How can I do this? For example:

Input:

Local number
------------
789-523

Output:

LocalNumber
------------
789-523

This kind of value needs validation. There should be another number at the last. How I can I get this kind value in my input file and put it on a separate file for validation?


Solution

  • At a high level you'll need to define what you consider data errors using some components and use those to filter the data.

    As an example you might have the following data:

    .--+-----+-----------+--------------------+--------+-----.
    |id|name |phone      |address             |city    |state|
    |=-+-----+-----------+--------------------+--------+----=|
    |1 |Bob  |02071234568|165 Lake Tahoe Blvd.|Richmond|MN   |
    |2 |Susan|02071234567|345 E Fowler Avenue |Helena  |CA   |
    |3 |Jimmy|foobar     |222 Tully Road East |Bismarck|MA   |
    |4 |Janet|07811111111|230 Camelback Rd    |Boise   |GB   |
    '--+-----+-----------+--------------------+--------+-----'
    

    I'm using British phone numbers here for US address' and states but that's because I can't think of any useful US phone numbers :)

    Here we want to check whether the phone number is valid and whether and the state is valid too. For now we're just going to print the results of everything to the console using a tLogRow but equally this could be any kind of output including log files, databases or even the Talend Data Stewardship Console. A quick job might look like this:

    Data validation job layout

    To check whether the phone number is valid (and also optionally standardise it to a predefined format) we can use the tStandardizePhoneNumber component:

    tStandardizePhoneNumber component

    This then adds some columns to your schema including whether the phone number is valid and also a standardised output.

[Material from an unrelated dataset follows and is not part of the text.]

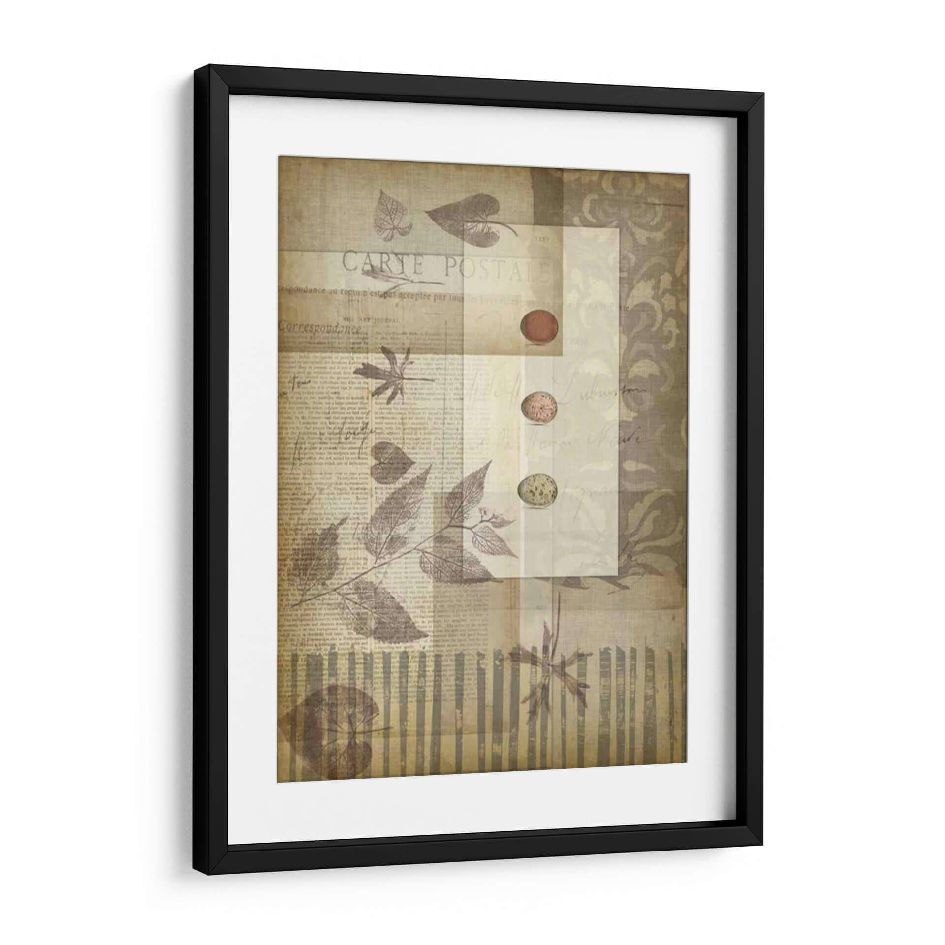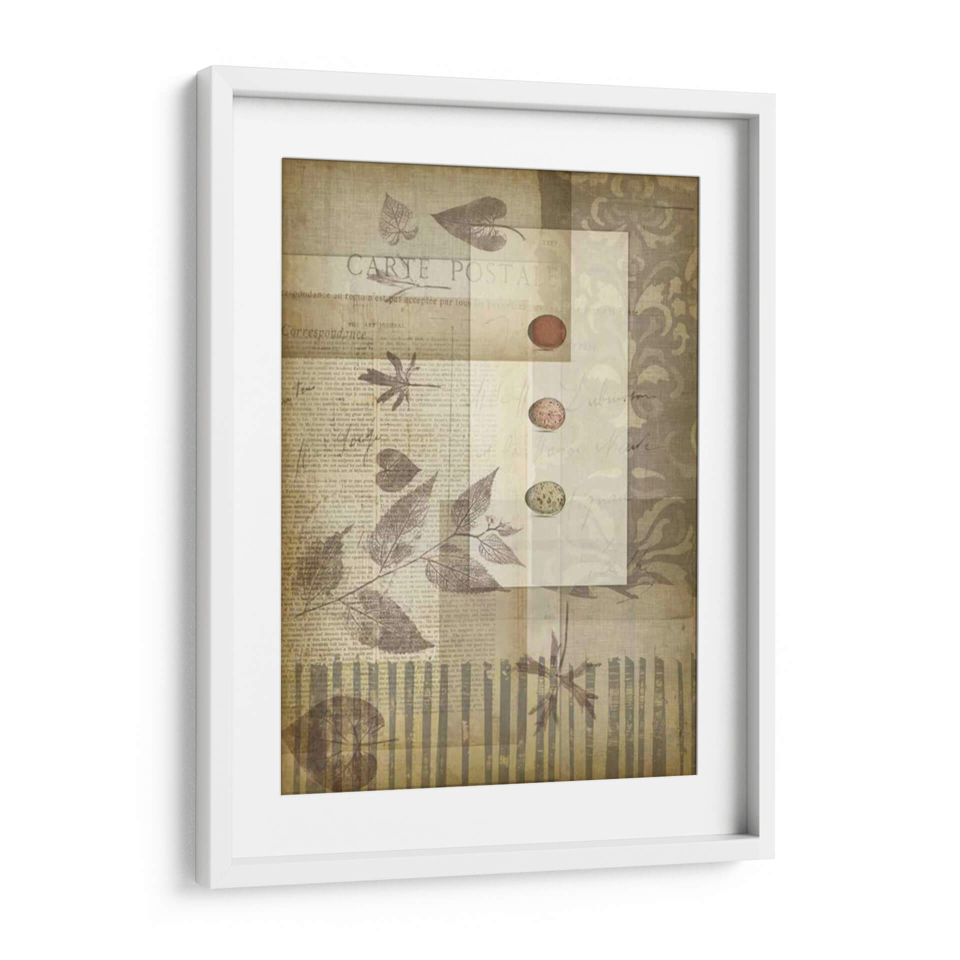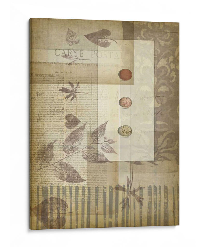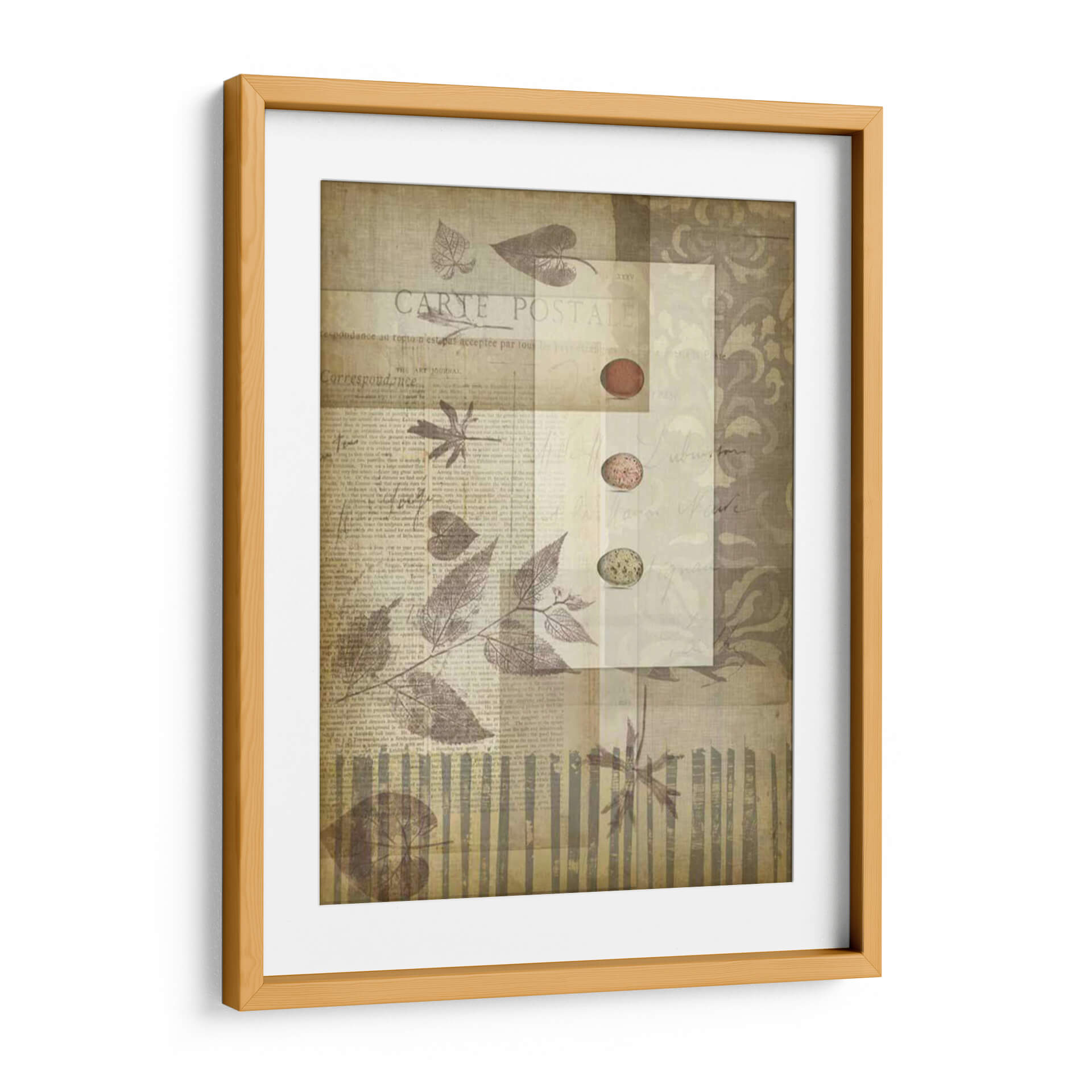 Sumérgete en la serena belleza de "Pequeño Cuaderno Collage III" de Jennifer Goldberger, una obra de arte que evoca nostalgia y la delicadeza de la naturaleza. Este cuadro decorativo presenta una composición de collage que entrelaza sutiles motivos botánicos, como hojas y ramas, con texturas de papel antiguo, fragmentos de cartas y patrones florales vintage. La paleta de colores, dominada por tonos tierra, sepia y beige, crea una atmósfera cálida, acogedora y ligeramente melancólica, perfecta para espacios que buscan un toque de historia y tranquilidad. La superposición de elementos, incluyendo tres pequeños huevos de ave que añaden un detalle natural y delicado, invita a una contemplación pausada. Este cuadro es ideal para añadir un punto de interés visual y una sensación de calma a salas de estar, estudios o dormitorios, complementando decoraciones rústicas, vintage o contemporáneas que buscan una conexión con lo orgánico y lo artesanal. Su estilo de collage y su temática evocadora lo convierten en una pieza única para quienes aprecian el arte con alma y narrativa.

    We then use a tMap to filter on whether the phone number is valid and at the same time replace the number with the provided standardised phone number (in this case an international formatted phone number):

    tMap to filter valid and invalid phone numbers

    After this we can use a lookup to a list of valid US states and inner join this in a tMap to check if the state is valid. We also use this opportunity to get the full state name:

    tMap to filter valid and invalid US states

    This general principle applies to how you apply any data validation: use a component or some logic (either in a tMap or something like a tPatternCheck) to determine if the data is valid and then use a filtering component (the tPatternCheck is already a filtering component) to direct your output.

    If you're looking to validate more basic things such as the metadata of the data e.g., the length of the column or the data type then you can use a tSchemaComplianceCheck to filter rows of data that don't match the predefined schema.